Le 27 août 2015

Nécessité. Née, c’est si tes. Tes « si » naissent. Ils naissent. C’est des nécessités.
Bruits des paroles. Bruire de paroles. Écoutez l’un qui teint un peu. L’instinct. L’un ce teint et l’autre? Il n’y a plus d’autre. Autre floraison, raison de nouvelles obstinations.
Nous courons. Nous court plus que on mais tant que il et je sont à court, ça marche.
Ventre gonflé. Vent regonflé. Fléau navigue. Gaiement.
Robuste et pleine comme un œuf, le 9 avance à reculons mais le 6, la tête à l’envers a les pieds dans la bonne direction.
Vous sautez à la corde?
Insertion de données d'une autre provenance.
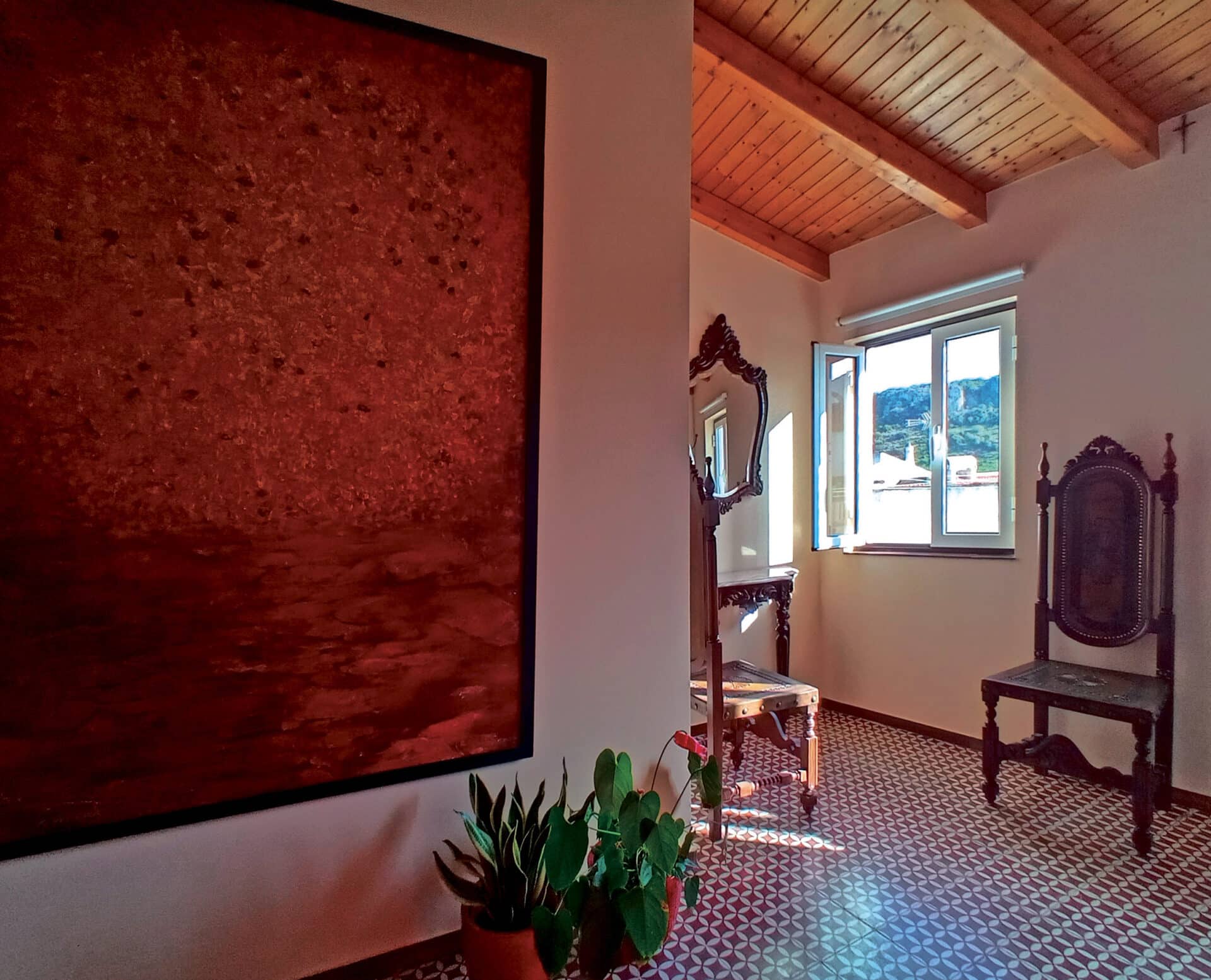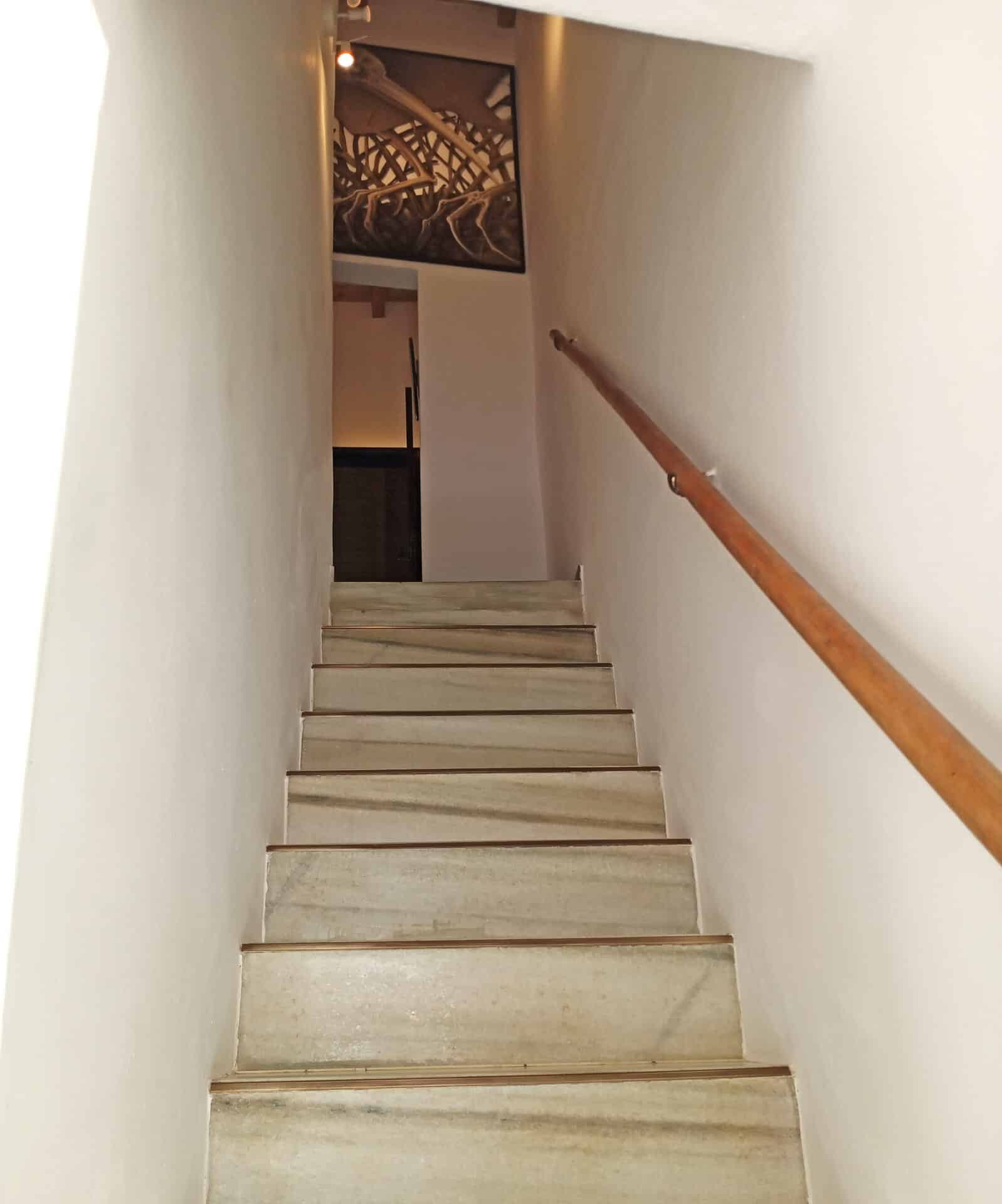 The marble stairs were polished and finished with gold-coloured slats, which added elegance and even received favourable comments from visitors. In the bedroom upstairs, we kept the original floor tiles from the 50s.
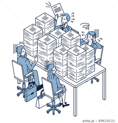 紙書類が山積みで困っているオフィスのビジネスパーソンたち
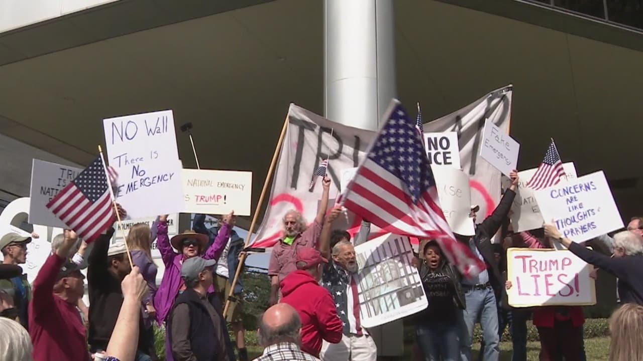 Protestas en Houston a favor y en contra de la declaración de emergencia nacional de Trump
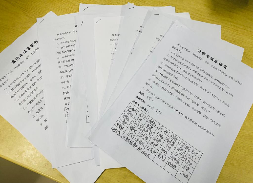 考试是检验学习成果的最好机会和重要手段,它能让学生们正确评价自己,找出学习上的失误和不足,在求学之路上不断进步。作弊不仅是对自己能力的否定和蔑视,更是对学校优良学风的亵渎。为此,学院号召全体学生签署诚信考试承诺书,在承诺书上庄严地签下自己的姓名,在学生意识中拉起一条醒目的红线,以规约引导同学们诚信考试、杜绝作弊。

Je vous l’accorde, je m’épuise, je m’évade, je m’épanche. Mes penchants s’alourdissent, se musèlent. Muses elles m’accompagnent, me soulagent, m’apprennent me prenne en considération quand je me perds. Repère. Père encore. Corps. Or je me soigne, humainement. Me mène à prendre mes marques ailleurs puisque mes marques démarquent un territoire qui ne me correspond plus. Plus tant que ça. Ça fait peur. Peur toujours. Jour et nuit. Nuit ce qui refuse d’être démasqué.
J’essaie de me rassurer dans les mots, de les accrocher, de trouver une suite logique. Je les noue, je me prouve qu’il y a une continuité, une suite logique ou du moins, une solution envisageable quand tout semble flotter et ne pas poser la plante des pieds.
Je peine à écrire, je force la cadence. Je pousse le mot comme sur un plongeoir, je l’oblige à tomber, à prendre le risque de faire un plat. Plat, tout est là dans ce P qui coule du nez sur un L qui s’enroule sur un A qui se redresse sur un T assis de profil. Ça bloque. C’est fainéant.

Il y a beaucoup de choses que j’aime mais certains endroits coincent.

Coïncidences délayées d’un P et d’un S qui liés, continuent de shooter dans ce simple point, cette balle qui les sépare, qui les amuse qui grisant, soulève l’inattendu de l’emballement.